◆ What this task involves
Leave out the pictures and copy each record below exactly.

◆ Listed entries

-*-*-

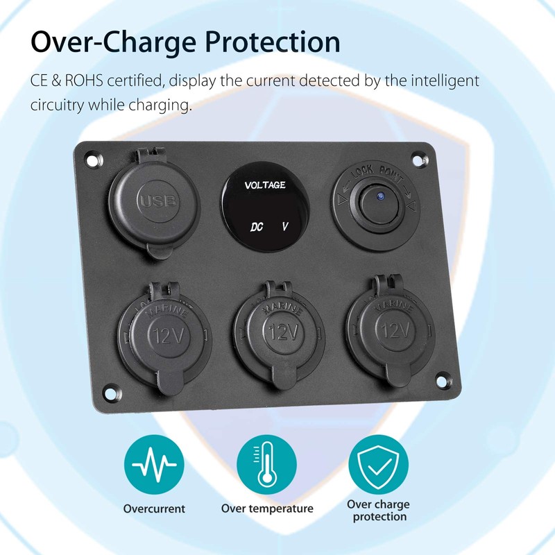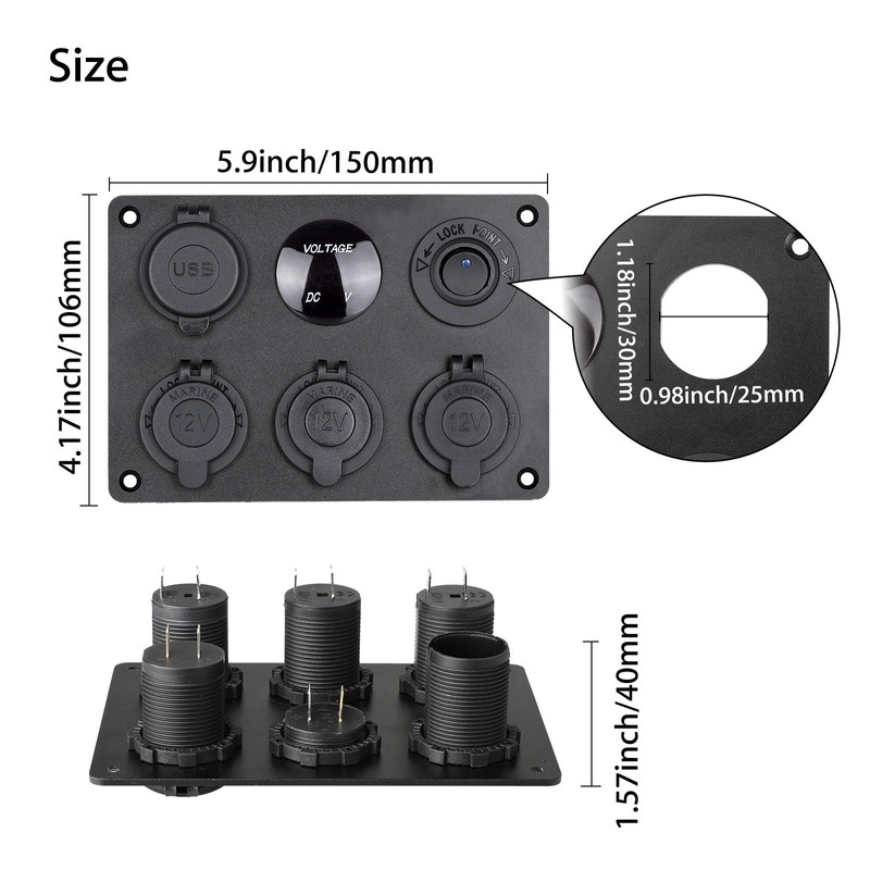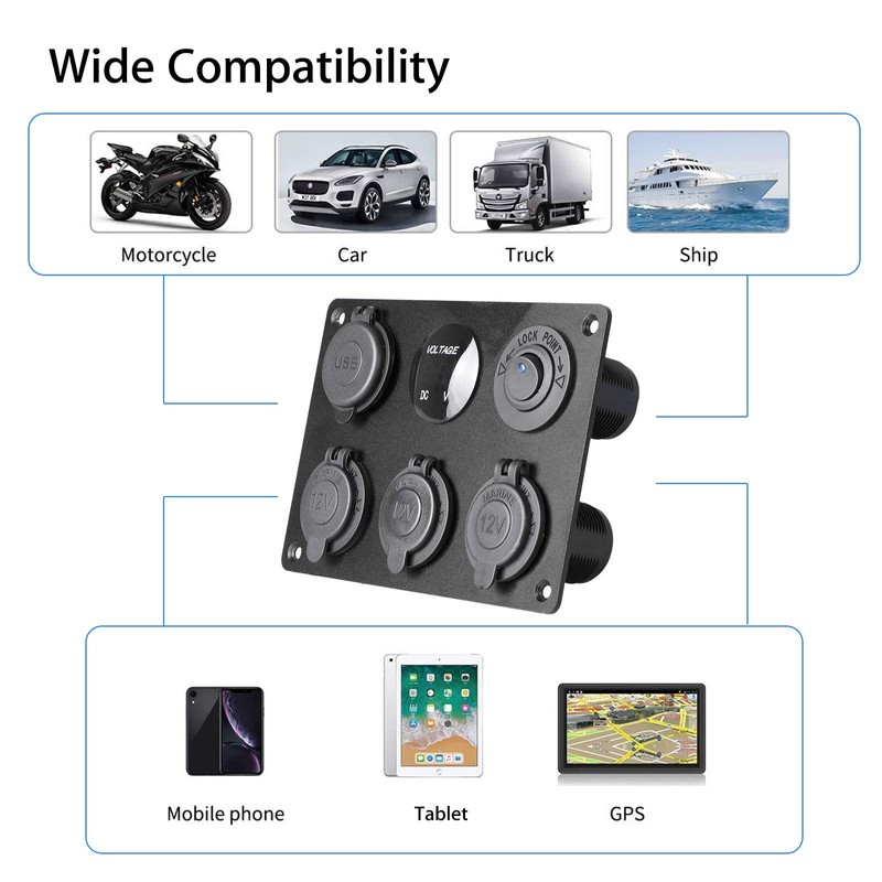 - 6 IN 1 MARINE PANEL:This 12V socket panel is designed with a 3-Socket 12v cigarette lighter outlet+ 12v rv USB outlet + LED digital display voltmeter + LED rocker toggle switch. Convenient for installation and operation. Also detachable to replace other charger sockets or anything else that fits.
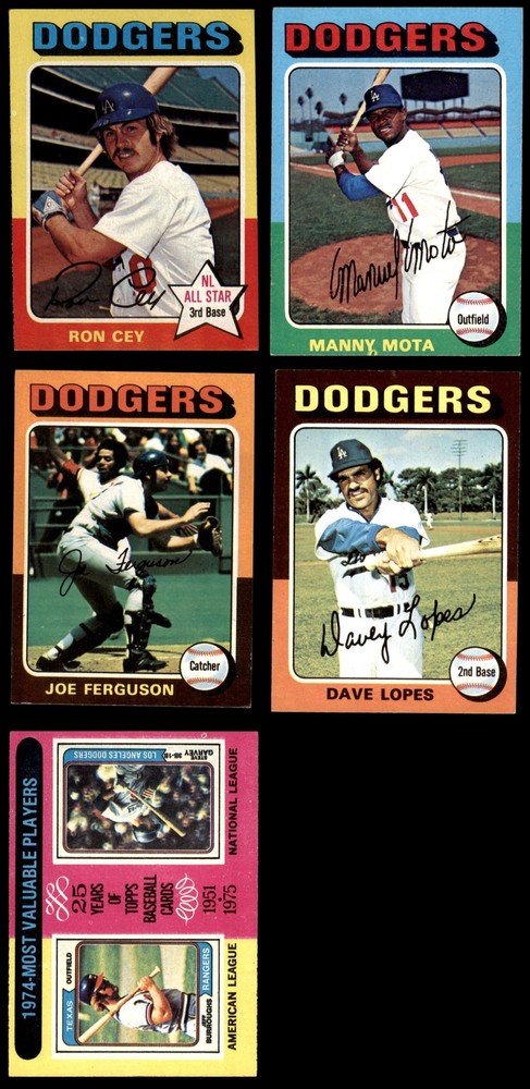 This set contains the following cards 1975 Topps #6 - Mike Marshall Marshall Hurls In 106 Games 3 - VG Front Back 1975 Topps #23 Bill Russell 6 - EX/MT Front Back 1975 Topps #93 Davey Lopes 7 - NM Front Back 1975 Topps #115 Joe Ferguson 7 - NM Front Back 1975 Topps #163 Jim Brewer 6 - EX/MT Front Back 1975 Topps #186 Willie Crawford 5 - EX Front Back 1975 Topps #212 - Jeff Burroughs / Steve Garvey 1974 MVPs 5 - EX Front Back 1975 Topps #220 Don Sutton 3 - VG Front Back 1975 Topps #269 Doug Rau 3 - VG Front Back 1975 Topps #294 Geoff Zahn 6 - EX/MT Front Back 1975 Topps #313 - Mike Marshall / Terry Forster Leading Firemen 4 - VG/EX Front Back 1975 Topps #330 Mike Marshall 6 - EX/MT Front Back 1975 Topps #361 - Walter Alston Dodgers Team Checklist 6 - EX/MT Front Back 1975 Topps #376 Steve Yeager 7 - NM Front Back 1975 Topps #390 Ron Cey 5 - EX Front Back 1975 Topps #414 Manny Mota 6.5 - EX/MT+ Front Back 1975 Topps #440 Andy Messersmith 3 - VG Front Back 1975 Topps #460 - Steve Garvey / Frank Taveras 1974 NL Championships 5 - EX Front Back 1975 Topps #473 Ken McMullen 5 - EX Front Back 1975 Topps #498 Al Downing 4.5 - VG/EX+ Front Back 1975 Topps #523 Tom Paciorek 3 - VG Front Back 1975 Topps #547 Von Joshua 3 - VG Front Back 1975 Topps #570 Jim Wynn 5 - EX Front Back 1975 Topps #588 Rick Auerbach 6 - EX/MT Front Back 1975 Topps #631 Lee Lacy 5 - EX Front Back This is a 1975 Topps Los Angeles Dodgers Near Team Set. Included are the 1974 World Series cards. Set breakdown by grade: Number of Cards in Set 25 Average Grade - Weighted by Value 5.47 - EX+ Average Grade - Unweighted 5.00 - EX Grade Breakdown 7 - NM 3 6.5 - EX/MT+ 1 6 - EX/MT 6 5 - EX 7 4.5 - VG/EX+ 1 4 - VG/EX 1 3 - VG 6 . This near team set contains 25 cards out of the possible 44 cards. This is not a complete set. "The following cards are omitted, in order to keep the cost of the set reasonable: "#189 1951 MVPs - Yogi Berra / Roy Campanella, #191 1953 MVPs - Roy Campanella / Al Rosen, #193 1955 MVPs - Yogi Berra / Roy Campanella, #194 1956 MVPs - Mickey Mantle / Don Newcombe, #200 1962 MVPs - Mickey Mantle / Maury Wills, #201 1963 MVPs - Sandy Koufax / Elston Howard, #310 Pitching Leaders - Catfish Hunter / Ferguson Fergie Jenkins / Andy Messersmith / Phil Niekro, #461 1974 World Series - Game #1 - Reggie Jackson, #462 1974 World Series - Game #2 - Walter Alston / Joe Ferguson, #463 1974 World Series - Game #3 - Rollie Fingers, #464 1974 World Series - Game #4 - Ken Holtzman / Steve Yeager, #465 1974 World Series - Game #5 - Joe Rudi / Ron Cey, #466 1974 World Series - Summary - A's Do it Again - Rollie Fingers / Reggie Jackson / Dick Williams, #618 Rookie Pitchers - Scott McGregor / Rick Rhoden / Jamie Easterly / Tom Johnson and #624 Rookie Pitchers - Gary Lavelle / Doug Konieczny / Jim Otten / Eddie Solomon This set does not include the following cards: #47 Tommy John, #71 Charlie Hough, #140 Steve Garvey, #244 Bill Buckner Dean's Cards offers a 100% Money Back Satisfaction Guarantee on all purchases. Just contact us within 10 days of the purchase date and we will refund your money or, when possible, replace the cards. 1975 Topps Los Angeles Dodgers Near Team Set 5.5 - EX+ 6902023 (25 / 44 cards) If the scan in the listing says ACTUAL IMAGE, you will receive the card pictured. For cards issued after 1983, we will often use representative images and you will not receive the exact card pictured. Shipping Policy You only pay shipping on the first item. If you order multiple items on the same order, you will only be charged once for shipping. We do not combine shipping on multiple orders. To avoid multiple shipping charges we recommend using eBay's "Add to Cart" feature to check out multiple items in one transaction, or please request and allow for us to send an invoice to reflect the combined shipping charges. Canadian customers - We send all of our Canadian/International packages with tracking and cannot make any exceptions to this policy. Negotiating Prices All prices are final and we do not negotiate. This policy is to ensure that everyone knows that they are getting our best possible price. So please do not ask us to negotiate on price. Return Policy Dean's Cards has a 100% Money Back Satisfaction Guarantee on all purchases, as long as the product is returned within 30 days of receiving the product. Card Grading Each card is first reviewed by a member of our team, in order to detect any flaws that may not be visible on a scan, such as wrinkles, creases, print spots, or light stains. The vast majority of our vintage cards are professionally graded by the Dean's Cards Grading Software and include a 100% satisfaction guarantee. Our grading is on par with PSA standards when it comes to corners, centering and flaws - and tends to grade a bit tougher than PSA, on cards with a tilted image or rough edges. This grading software was developed to provide far better grading and consistency than can be achieved using the human eye. Determining the card's grade The sharpness of the corners and the degree to which a card was cut off-center determines the maximum possible grade that the card can receive. The card's grade is further reduced by any flaws or blemishes that it may have. Each card is evaluated on the following characteristics and assigned a score. Corners - Each corner of a card is individually analyzed, and then assigned a score on how square, sharp, and flawless it appears. Centering - The borders are measured, at multiple points along the edge, to determine the horizontal and vertical centering and tilt. Defects - The card is examined for imperfections, such as: size, print flaws, dings, stains, creases, or other wear which could lower its grade. Bonus for Perfect Centering - A vintage card, with near perfect centering, is given a one-half grade bonus. So when you buy one of our cards with a half-grade (e.g. 3.5 or 6.5) it will appear perfectly centered, both vertically and horizontally. Grading Criteria Worst Corner - A ca
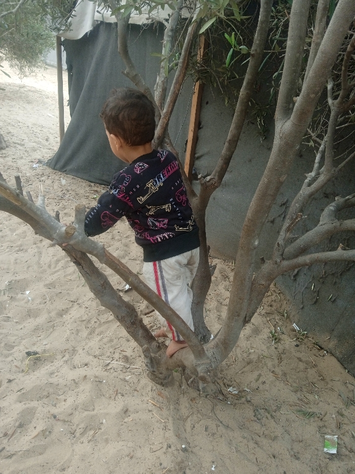 A young individual is depicted from behind, interacting with a multi-stemmed tree in a sandy outdoor environment in Al-Mawasi
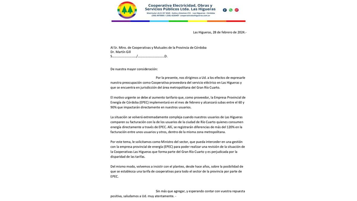 “La situación se volverá extremadamente compleja cuando nuestros usuarios de Las Higueras comparen su facturación con la de los usuarios de la ciudad de Río Cuarto, quienes consumen energía directamente a través de Epec. Allí se registrarán diferencias de más del 120% en la facturación entre unos usuarios y otros, dentro de la misma zona metropolitana”, expresaron desde la entidad en la nota que fue entregada al funcionario provincial.
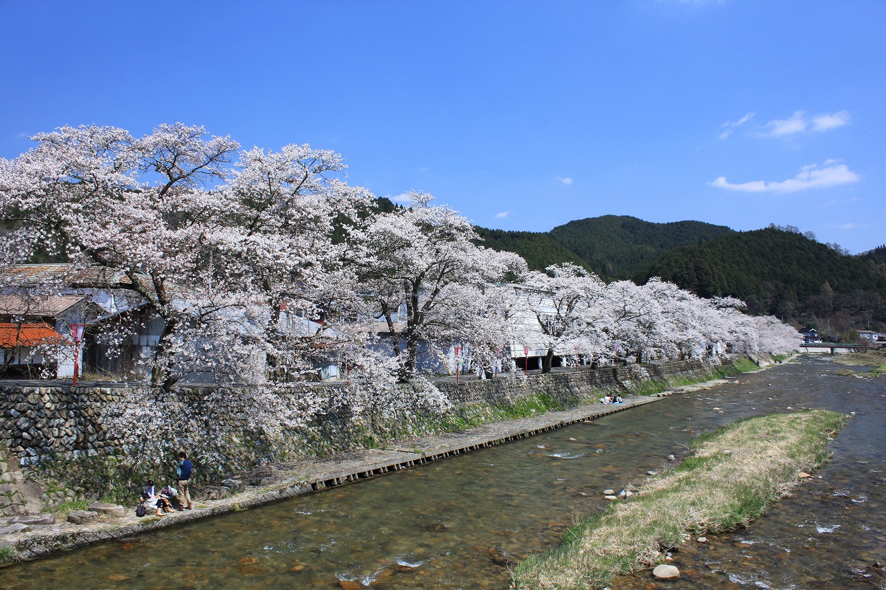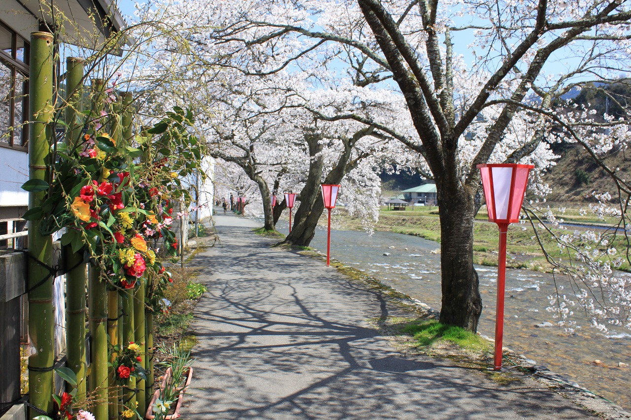 古い街並みが残る、新庄宿のように古い建物は残っていませんでしたが、新庄川の堤防沿いの約600mの間に咲く、約50本の桜並木はとてもきれいでした。

-*-*-

◆ Result of this task
 - 6 IN 1 MARINE PANEL:This 12V socket panel is designed with a 3-Socket 12v cigarette lighter outlet+ 12v rv USB outlet + LED digital display voltmeter + LED rocker toggle switch. Convenient for installation and operation. Also detachable to replace other charger sockets or anything else that fits.
 This set contains the following cards 1975 Topps #6 - Mike Marshall Marshall Hurls In 106 Games 3 - VG Front Back 1975 Topps #23 Bill Russell 6 - EX/MT Front Back 1975 Topps #93 Davey Lopes 7 - NM Front Back 1975 Topps #115 Joe Ferguson 7 - NM Front Back 1975 Topps #163 Jim Brewer 6 - EX/MT Front Back 1975 Topps #186 Willie Crawford 5 - EX Front Back 1975 Topps #212 - Jeff Burroughs / Steve Garvey 1974 MVPs 5 - EX Front Back 1975 Topps #220 Don Sutton 3 - VG Front Back 1975 Topps #269 Doug Rau 3 - VG Front Back 1975 Topps #294 Geoff Zahn 6 - EX/MT Front Back 1975 Topps #313 - Mike Marshall / Terry Forster Leading Firemen 4 - VG/EX Front Back 1975 Topps #330 Mike Marshall 6 - EX/MT Front Back 1975 Topps #361 - Walter Alston Dodgers Team Checklist 6 - EX/MT Front Back 1975 Topps #376 Steve Yeager 7 - NM Front Back 1975 Topps #390 Ron Cey 5 - EX Front Back 1975 Topps #414 Manny Mota 6.5 - EX/MT+ Front Back 1975 Topps #440 Andy Messersmith 3 - VG Front Back 1975 Topps #460 - Steve Garvey / Frank Taveras 1974 NL Championships 5 - EX Front Back 1975 Topps #473 Ken McMullen 5 - EX Front Back 1975 Topps #498 Al Downing 4.5 - VG/EX+ Front Back 1975 Topps #523 Tom Paciorek 3 - VG Front Back 1975 Topps #547 Von Joshua 3 - VG Front Back 1975 Topps #570 Jim Wynn 5 - EX Front Back 1975 Topps #588 Rick Auerbach 6 - EX/MT Front Back 1975 Topps #631 Lee Lacy 5 - EX Front Back This is a 1975 Topps Los Angeles Dodgers Near Team Set. Included are the 1974 World Series cards. Set breakdown by grade: Number of Cards in Set 25 Average Grade - Weighted by Value 5.47 - EX+ Average Grade - Unweighted 5.00 - EX Grade Breakdown 7 - NM 3 6.5 - EX/MT+ 1 6 - EX/MT 6 5 - EX 7 4.5 - VG/EX+ 1 4 - VG/EX 1 3 - VG 6 . This near team set contains 25 cards out of the possible 44 cards. This is not a complete set. "The following cards are omitted, in order to keep the cost of the set reasonable: "#189 1951 MVPs - Yogi Berra / Roy Campanella, #191 1953 MVPs - Roy Campanella / Al Rosen, #193 1955 MVPs - Yogi Berra / Roy Campanella, #194 1956 MVPs - Mickey Mantle / Don Newcombe, #200 1962 MVPs - Mickey Mantle / Maury Wills, #201 1963 MVPs - Sandy Koufax / Elston Howard, #310 Pitching Leaders - Catfish Hunter / Ferguson Fergie Jenkins / Andy Messersmith / Phil Niekro, #461 1974 World Series - Game #1 - Reggie Jackson, #462 1974 World Series - Game #2 - Walter Alston / Joe Ferguson, #463 1974 World Series - Game #3 - Rollie Fingers, #464 1974 World Series - Game #4 - Ken Holtzman / Steve Yeager, #465 1974 World Series - Game #5 - Joe Rudi / Ron Cey, #466 1974 World Series - Summary - A's Do it Again - Rollie Fingers / Reggie Jackson / Dick Williams, #618 Rookie Pitchers - Scott McGregor / Rick Rhoden / Jamie Easterly / Tom Johnson and #624 Rookie Pitchers - Gary Lavelle / Doug Konieczny / Jim Otten / Eddie Solomon This set does not include the following cards: #47 Tommy John, #71 Charlie Hough, #140 Steve Garvey, #244 Bill Buckner Dean's Cards offers a 100% Money Back Satisfaction Guarantee on all purchases. Just contact us within 10 days of the purchase date and we will refund your money or, when possible, replace the cards. 1975 Topps Los Angeles Dodgers Near Team Set 5.5 - EX+ 6902023 (25 / 44 cards) If the scan in the listing says ACTUAL IMAGE, you will receive the card pictured. For cards issued after 1983, we will often use representative images and you will not receive the exact card pictured. Shipping Policy You only pay shipping on the first item. If you order multiple items on the same order, you will only be charged once for shipping. We do not combine shipping on multiple orders. To avoid multiple shipping charges we recommend using eBay's "Add to Cart" feature to check out multiple items in one transaction, or please request and allow for us to send an invoice to reflect the combined shipping charges. Canadian customers - We send all of our Canadian/International packages with tracking and cannot make any exceptions to this policy. Negotiating Prices All prices are final and we do not negotiate. This policy is to ensure that everyone knows that they are getting our best possible price. So please do not ask us to negotiate on price. Return Policy Dean's Cards has a 100% Money Back Satisfaction Guarantee on all purchases, as long as the product is returned within 30 days of receiving the product. Card Grading Each card is first reviewed by a member of our team, in order to detect any flaws that may not be visible on a scan, such as wrinkles, creases, print spots, or light stains. The vast majority of our vintage cards are professionally graded by the Dean's Cards Grading Software and include a 100% satisfaction guarantee. Our grading is on par with PSA standards when it comes to corners, centering and flaws - and tends to grade a bit tougher than PSA, on cards with a tilted image or rough edges. This grading software was developed to provide far better grading and consistency than can be achieved using the human eye. Determining the card's grade The sharpness of the corners and the degree to which a card was cut off-center determines the maximum possible grade that the card can receive. The card's grade is further reduced by any flaws or blemishes that it may have. Each card is evaluated on the following characteristics and assigned a score. Corners - Each corner of a card is individually analyzed, and then assigned a score on how square, sharp, and flawless it appears. Centering - The borders are measured, at multiple points along the edge, to determine the horizontal and vertical centering and tilt. Defects - The card is examined for imperfections, such as: size, print flaws, dings, stains, creases, or other wear which could lower its grade. Bonus for Perfect Centering - A vintage card, with near perfect centering, is given a one-half grade bonus. So when you buy one of our cards with a half-grade (e.g. 3.5 or 6.5) it will appear perfectly centered, both vertically and horizontally. Grading Criteria Worst Corner - A ca
 A young individual is depicted from behind, interacting with a multi-stemmed tree in a sandy outdoor environment in Al-Mawasi
 “La situación se volverá extremadamente compleja cuando nuestros usuarios de Las Higueras comparen su facturación con la de los usuarios de la ciudad de Río Cuarto, quienes consumen energía directamente a través de Epec. Allí se registrarán diferencias de más del 120% en la facturación entre unos usuarios y otros, dentro de la misma zona metropolitana”, expresaron desde la entidad en la nota que fue entregada al funcionario provincial.
 古い街並みが残る、新庄宿のように古い建物は残っていませんでしたが、新庄川の堤防沿いの約600mの間に咲く、約50本の桜並木はとてもきれいでした。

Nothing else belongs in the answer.